(Records from a data collection)
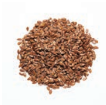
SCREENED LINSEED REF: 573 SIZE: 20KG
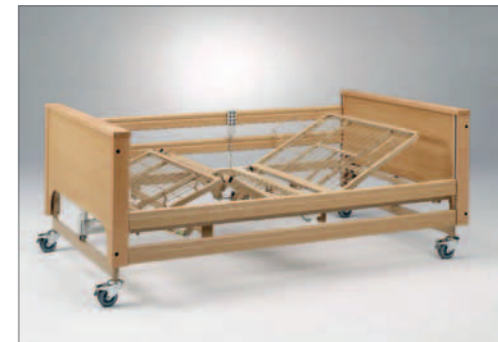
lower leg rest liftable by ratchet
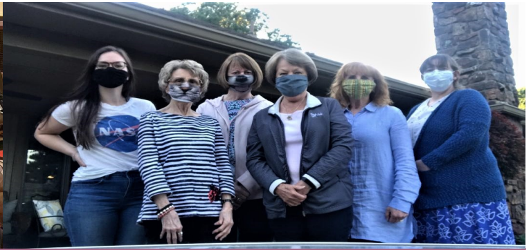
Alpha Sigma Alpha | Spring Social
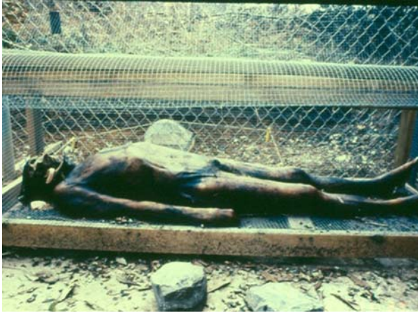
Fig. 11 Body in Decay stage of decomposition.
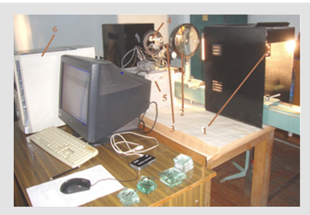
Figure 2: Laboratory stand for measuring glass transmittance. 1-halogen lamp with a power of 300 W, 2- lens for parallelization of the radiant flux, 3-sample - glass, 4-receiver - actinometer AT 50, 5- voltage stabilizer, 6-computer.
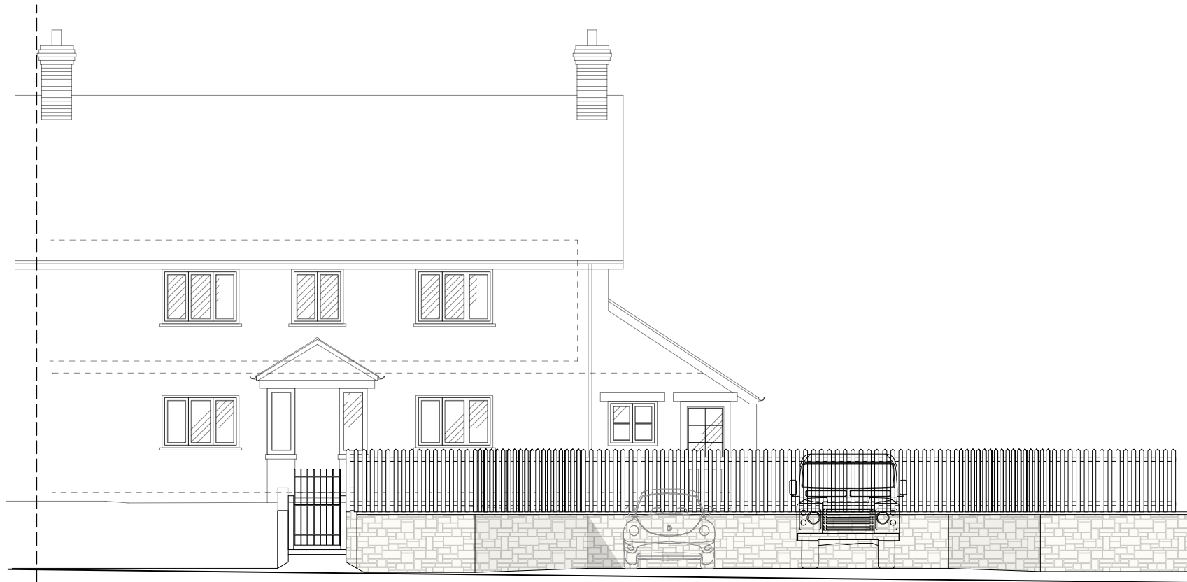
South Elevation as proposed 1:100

### EXERCISE DESCRIPTION:
Write out exactly the run of lines above that starts at the line containing "lower leg rest liftable by ratchet" and ends at the line containing "Fig. 11 Body in Decay stage of decomposition.". Include both, and leave the pictures out.

### EXERCISE RESULT:
lower leg rest liftable by ratchet
Alpha Sigma Alpha | Spring Social
Fig. 11 Body in Decay stage of decomposition.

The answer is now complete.